- **Exercise aim**
Return an exact copy of the data, starting at its first line and ending at the line that contains "Kemenangan TOGEL TAIWAN", minus any pictures.

- **Data supplied**
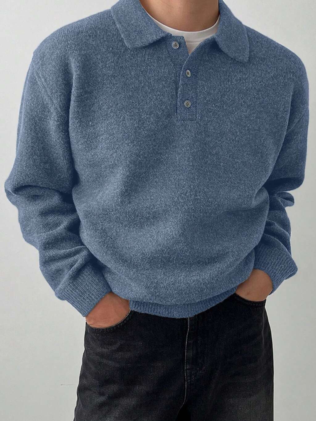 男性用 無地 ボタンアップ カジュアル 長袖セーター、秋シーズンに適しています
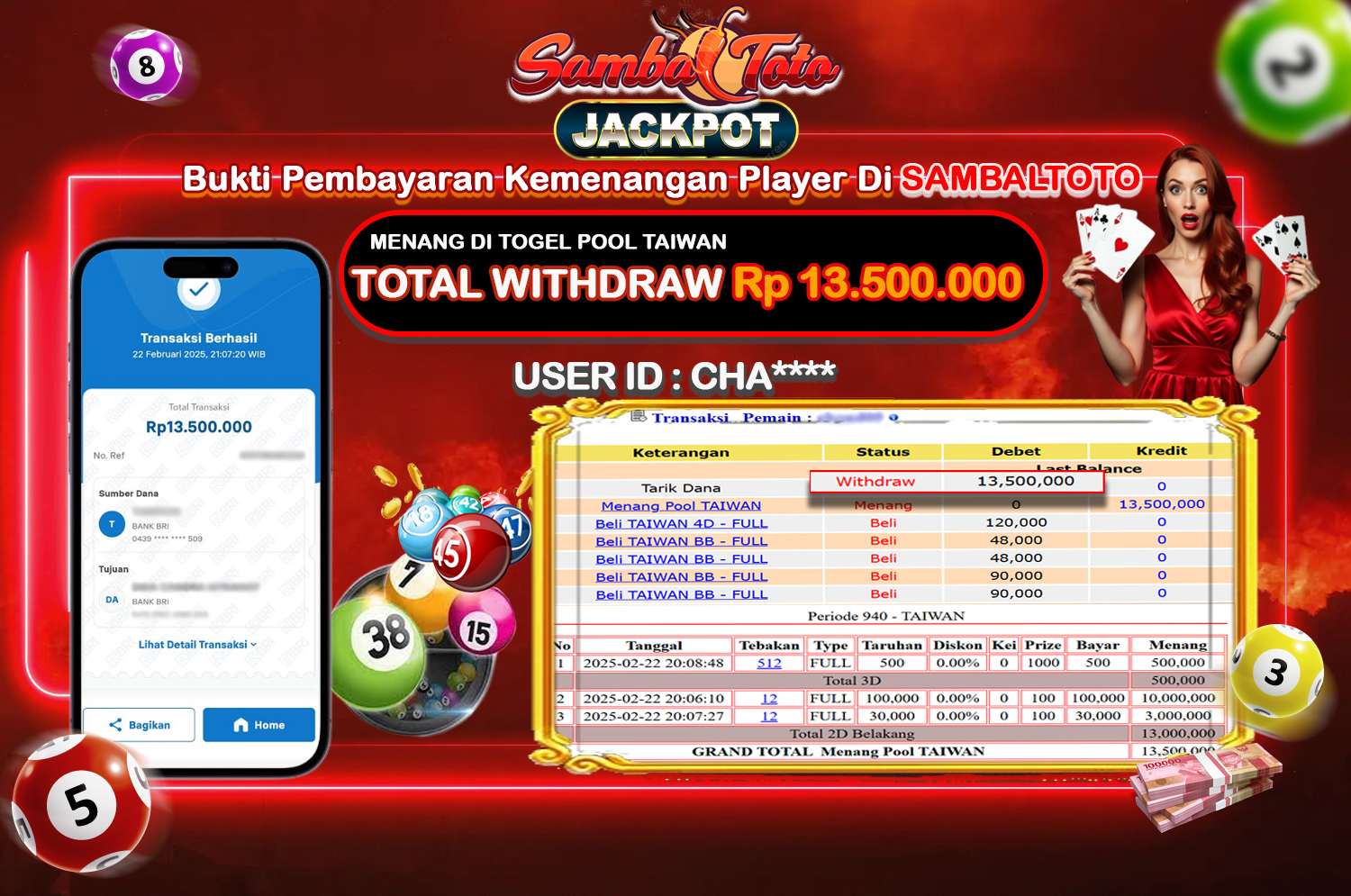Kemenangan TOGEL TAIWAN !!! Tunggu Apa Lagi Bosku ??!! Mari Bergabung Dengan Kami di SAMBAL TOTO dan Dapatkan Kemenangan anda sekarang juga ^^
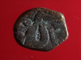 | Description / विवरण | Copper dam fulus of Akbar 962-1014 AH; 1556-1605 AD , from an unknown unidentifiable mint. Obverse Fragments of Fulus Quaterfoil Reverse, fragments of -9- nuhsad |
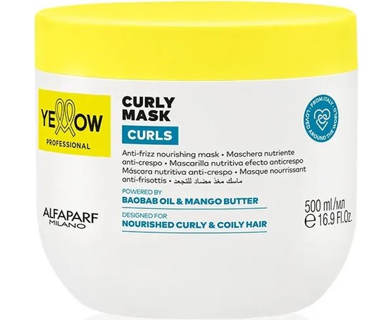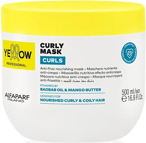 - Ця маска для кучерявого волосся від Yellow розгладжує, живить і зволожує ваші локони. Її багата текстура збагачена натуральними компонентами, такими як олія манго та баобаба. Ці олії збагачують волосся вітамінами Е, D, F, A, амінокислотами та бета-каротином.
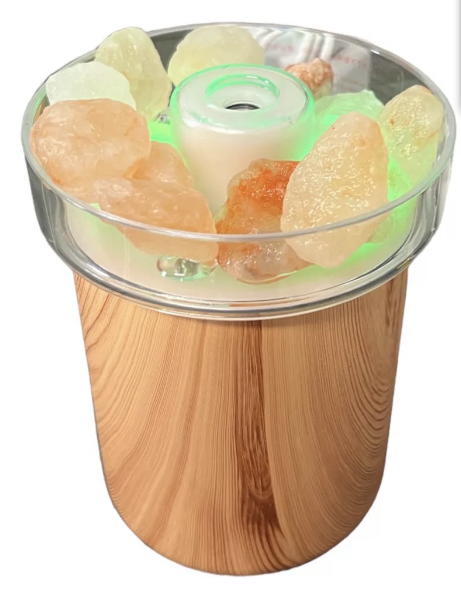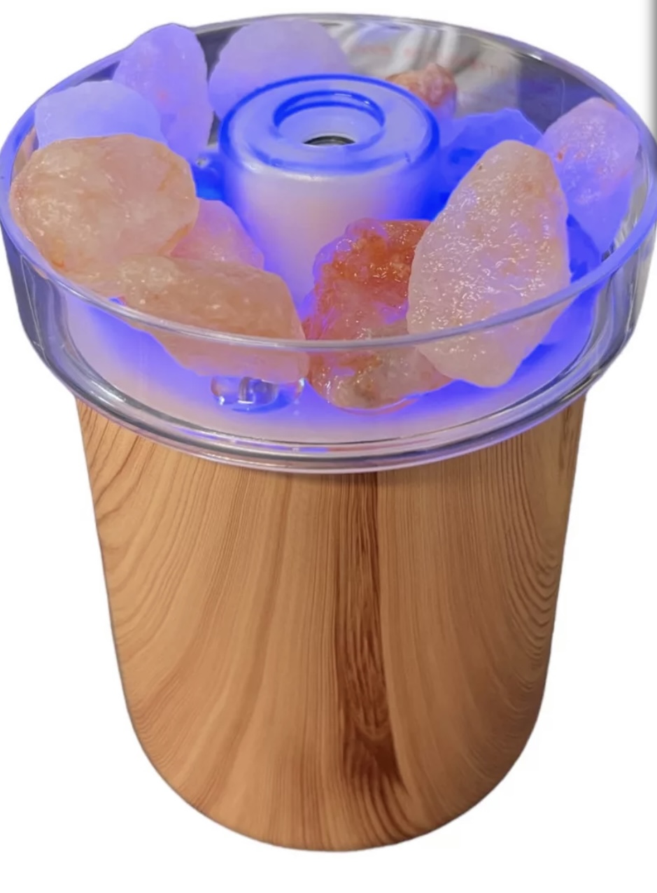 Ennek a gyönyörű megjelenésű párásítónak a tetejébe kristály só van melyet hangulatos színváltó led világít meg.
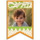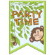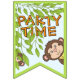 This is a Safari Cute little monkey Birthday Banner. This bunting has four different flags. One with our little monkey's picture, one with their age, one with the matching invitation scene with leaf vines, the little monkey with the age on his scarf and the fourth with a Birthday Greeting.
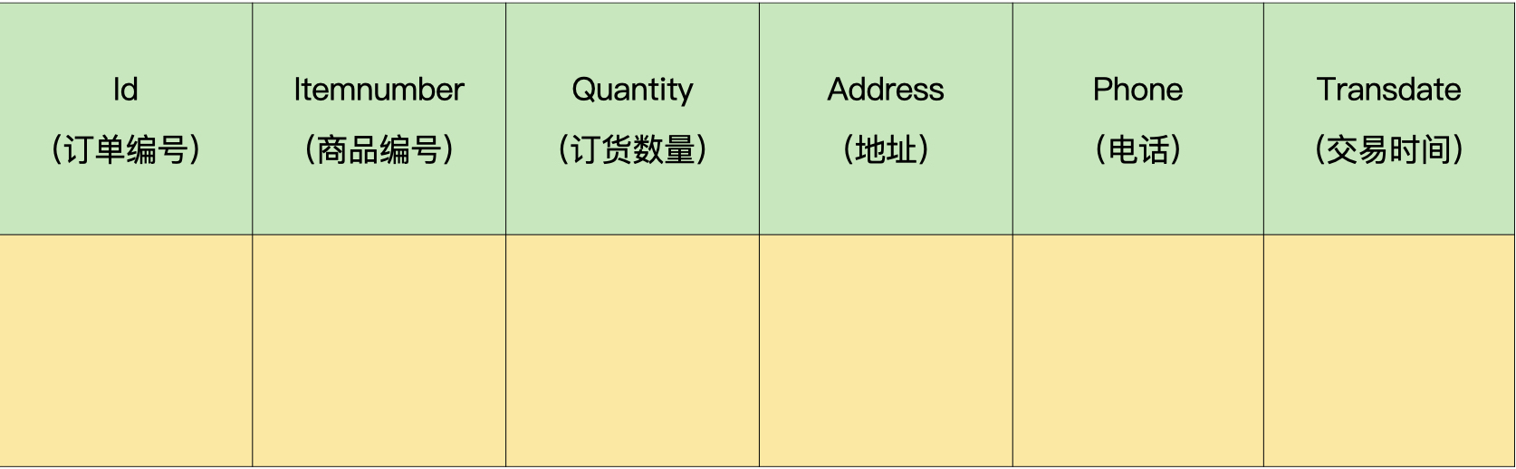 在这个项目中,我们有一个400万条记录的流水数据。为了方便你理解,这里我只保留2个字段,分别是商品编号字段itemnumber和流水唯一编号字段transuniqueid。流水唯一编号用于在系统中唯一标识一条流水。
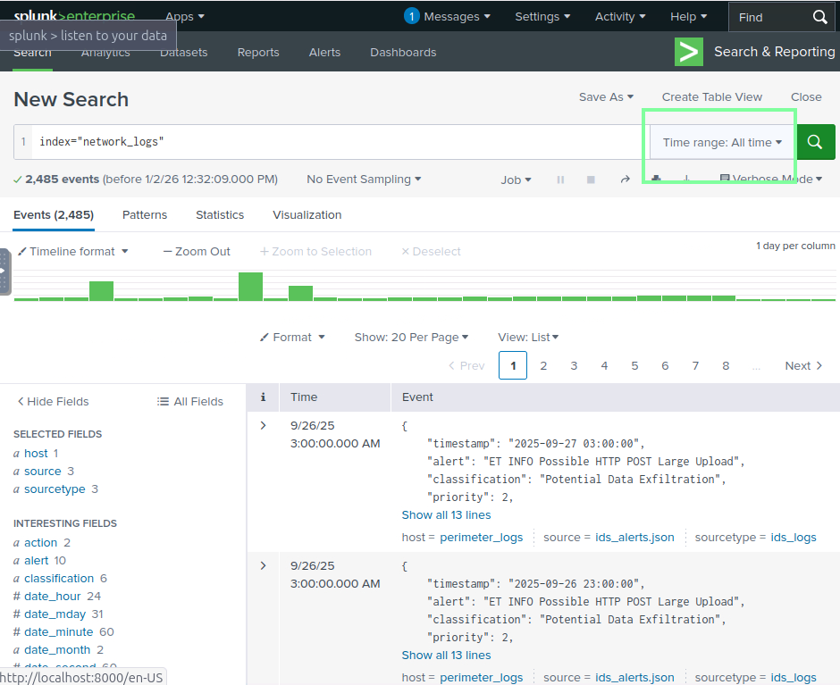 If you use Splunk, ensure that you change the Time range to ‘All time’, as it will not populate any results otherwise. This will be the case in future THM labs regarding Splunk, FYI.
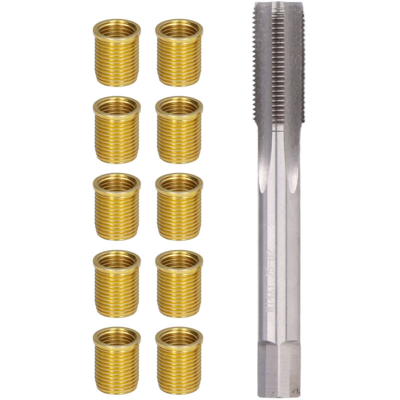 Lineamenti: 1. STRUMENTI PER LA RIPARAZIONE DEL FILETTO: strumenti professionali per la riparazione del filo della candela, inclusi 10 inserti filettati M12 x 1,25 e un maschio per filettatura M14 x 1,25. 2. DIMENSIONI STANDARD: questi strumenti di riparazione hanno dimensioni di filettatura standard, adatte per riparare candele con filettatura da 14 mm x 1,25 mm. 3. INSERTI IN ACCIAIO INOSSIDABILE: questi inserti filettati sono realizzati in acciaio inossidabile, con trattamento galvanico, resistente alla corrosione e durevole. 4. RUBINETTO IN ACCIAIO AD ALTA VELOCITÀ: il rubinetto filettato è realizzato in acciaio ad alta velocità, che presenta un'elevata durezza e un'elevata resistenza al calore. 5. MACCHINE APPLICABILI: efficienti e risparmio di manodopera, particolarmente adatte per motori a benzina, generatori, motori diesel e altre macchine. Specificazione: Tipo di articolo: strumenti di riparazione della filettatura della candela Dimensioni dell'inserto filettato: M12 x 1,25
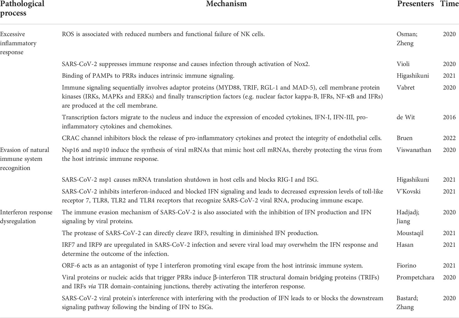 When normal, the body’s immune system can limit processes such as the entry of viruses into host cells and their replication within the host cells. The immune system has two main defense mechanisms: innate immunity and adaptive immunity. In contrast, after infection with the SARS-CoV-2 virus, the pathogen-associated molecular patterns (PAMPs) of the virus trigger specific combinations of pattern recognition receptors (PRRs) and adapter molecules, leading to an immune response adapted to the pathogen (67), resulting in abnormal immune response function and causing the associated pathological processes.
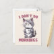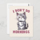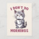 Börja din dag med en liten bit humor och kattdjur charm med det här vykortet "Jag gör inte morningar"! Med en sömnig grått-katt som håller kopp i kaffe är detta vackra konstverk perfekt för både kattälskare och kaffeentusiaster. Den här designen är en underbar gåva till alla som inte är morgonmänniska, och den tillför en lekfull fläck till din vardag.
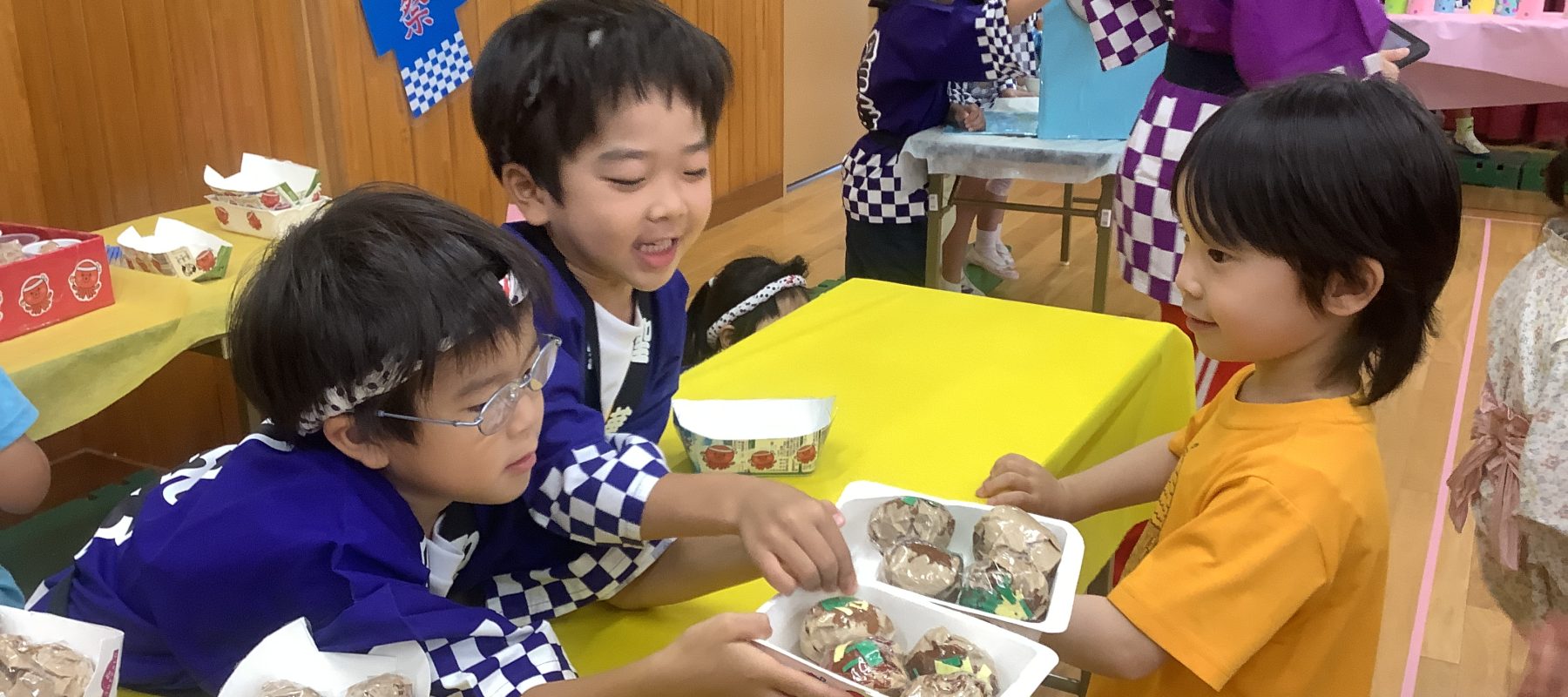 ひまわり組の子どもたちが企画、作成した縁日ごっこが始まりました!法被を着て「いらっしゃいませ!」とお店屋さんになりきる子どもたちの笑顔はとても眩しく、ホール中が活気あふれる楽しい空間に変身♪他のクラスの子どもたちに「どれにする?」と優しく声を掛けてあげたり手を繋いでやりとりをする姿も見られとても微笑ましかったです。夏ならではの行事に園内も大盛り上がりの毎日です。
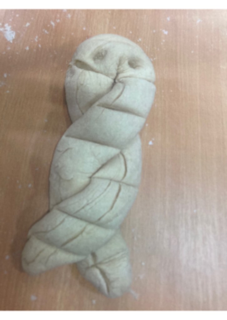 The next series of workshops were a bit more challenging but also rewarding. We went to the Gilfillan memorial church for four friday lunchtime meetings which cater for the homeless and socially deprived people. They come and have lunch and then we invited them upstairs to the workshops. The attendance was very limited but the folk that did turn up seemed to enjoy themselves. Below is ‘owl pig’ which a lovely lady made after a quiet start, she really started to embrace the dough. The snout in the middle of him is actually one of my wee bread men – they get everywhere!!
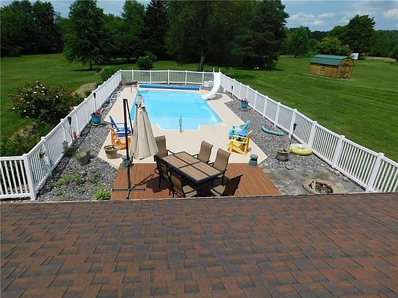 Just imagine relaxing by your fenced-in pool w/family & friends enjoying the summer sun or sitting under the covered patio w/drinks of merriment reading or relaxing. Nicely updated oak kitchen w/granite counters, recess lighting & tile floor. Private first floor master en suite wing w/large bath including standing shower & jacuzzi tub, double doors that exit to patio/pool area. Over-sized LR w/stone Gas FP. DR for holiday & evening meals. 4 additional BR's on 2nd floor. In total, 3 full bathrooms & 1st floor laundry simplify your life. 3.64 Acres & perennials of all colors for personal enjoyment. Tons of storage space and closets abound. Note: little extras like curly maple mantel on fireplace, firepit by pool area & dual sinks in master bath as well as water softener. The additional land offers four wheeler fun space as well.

- **Problem solution**
 男性用 無地 ボタンアップ カジュアル 長袖セーター、秋シーズンに適しています
Kemenangan TOGEL TAIWAN !!! Tunggu Apa Lagi Bosku ??!! Mari Bergabung Dengan Kami di SAMBAL TOTO dan Dapatkan Kemenangan anda sekarang juga ^^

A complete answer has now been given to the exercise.